(Beginning of Supplied entries)

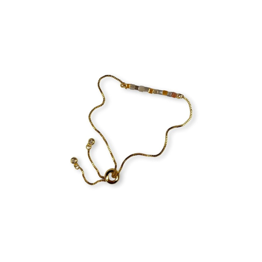 Pulsera de cobre bañado en plata, muranos, mostacillas checas, perlas japonesas, circones y postes hipoalergénicos. Con medida 27 cm
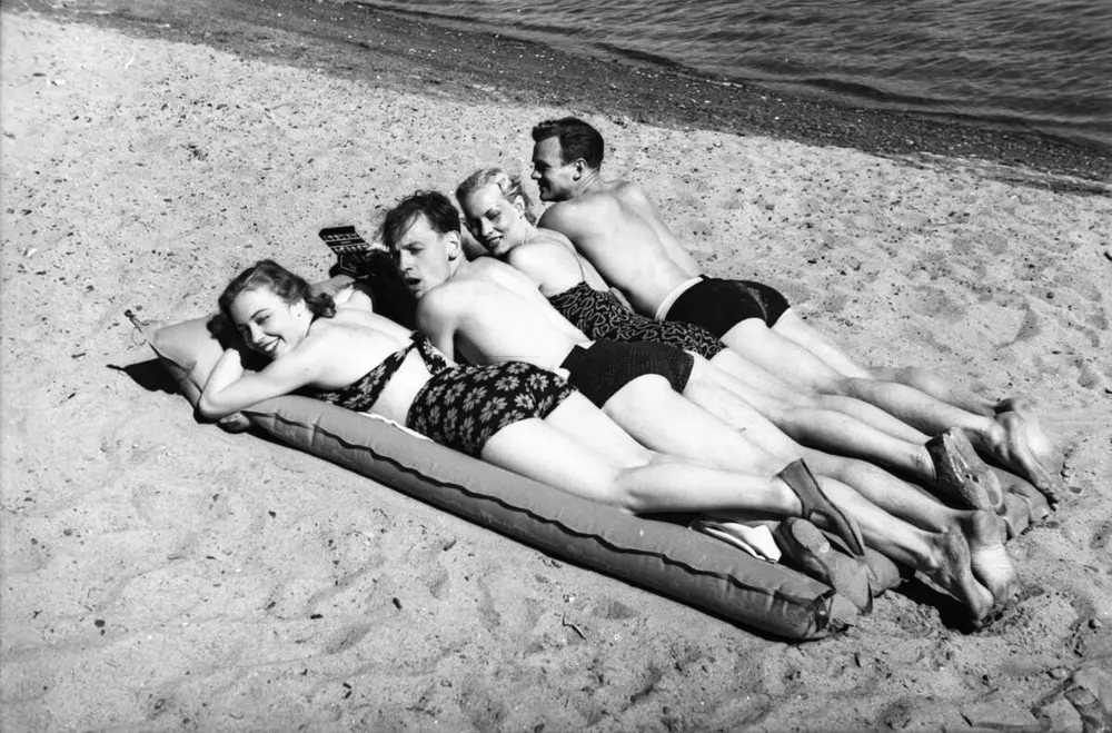 Badeliv i 1939. Luftmadrassen var en nyhet på 1930-tallet. A. B. Wilse | Norsk Folkemuseum
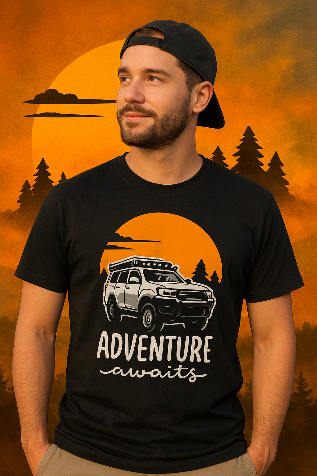 Life is a journey, and every journey begins with a choice: the choice to step outside your comfort zone and embrace the unknown. The design you see here isn’t just about fashion—it’s about fueling that fire of curiosity, wanderlust, and courage that lives inside all of us. With the bold phrase “Adventure Awaits” set against a radiant orange sunset backdrop and the powerful image of an off-road SUV ready to conquer any terrain, this T-shirt by Velin Styles captures the essence of freedom and exploration.
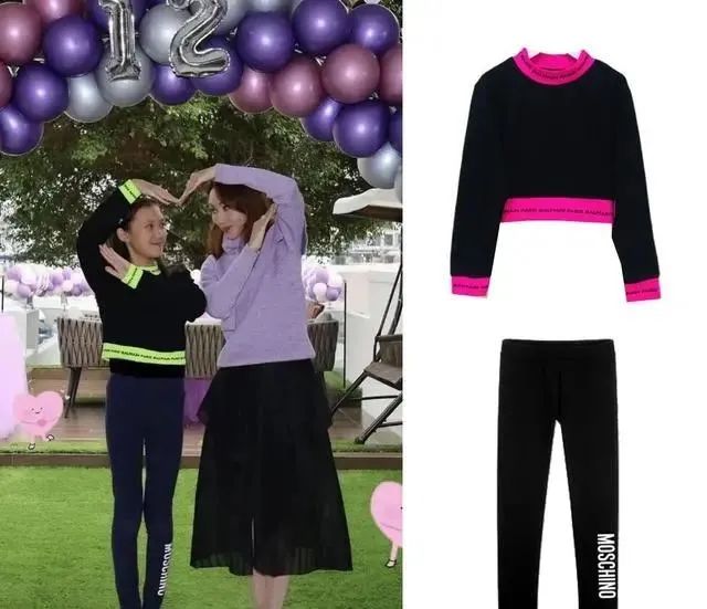 郭可盈女儿的生日穿着很时髦。选择的款式是拼接圆领外套,以黑色为主,辅以引人注目的黄色。穿在12岁女孩身上非常生动。
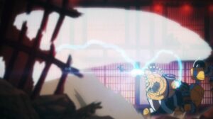קווין משתמש ב"נצנוץ קווין", החיקוי שלו לטכניקה של איצ'יג'י, ואנחנו מקבלים סצנת אקשן קצרה ונחמדה מאוד של המתקפה. התנועה של קווין בעודו "בונה" את המתקפה היא יפה ונחמדה, השימוש במספר אימפקט פריימס (impact frames, מושג מאנימציה שמתאר פריימים מופשטים שמטרתם להעביר לצופה את תחושת העוצמה של [לרוב] מתקפה) עוזר למכור את העוצמה של המתקפה, והשוט של סאנג'י מתחמק מהלייזרים מוצג מזווית "צילום" מאוד דינמית ומעניינת לעין – דברים שביחד משתלבים ליצירת קטע קצר ומגניב.

(End of Supplied entries)

### [Prompt]
Only one part of the listing is wanted: the lines from the one containing "Badeliv i 1939." through the one containing "郭可盈女儿的生日穿着很时髦。", both included. Please transcribe it exactly, leaving out the pictures.

### [Response to the exercise]
 Badeliv i 1939. Luftmadrassen var en nyhet på 1930-tallet. A. B. Wilse | Norsk Folkemuseum
 Life is a journey, and every journey begins with a choice: the choice to step outside your comfort zone and embrace the unknown. The design you see here isn’t just about fashion—it’s about fueling that fire of curiosity, wanderlust, and courage that lives inside all of us. With the bold phrase “Adventure Awaits” set against a radiant orange sunset backdrop and the powerful image of an off-road SUV ready to conquer any terrain, this T-shirt by Velin Styles captures the essence of freedom and exploration.
 郭可盈女儿的生日穿着很时髦。选择的款式是拼接圆领外套,以黑色为主,辅以引人注目的黄色。穿在12岁女孩身上非常生动。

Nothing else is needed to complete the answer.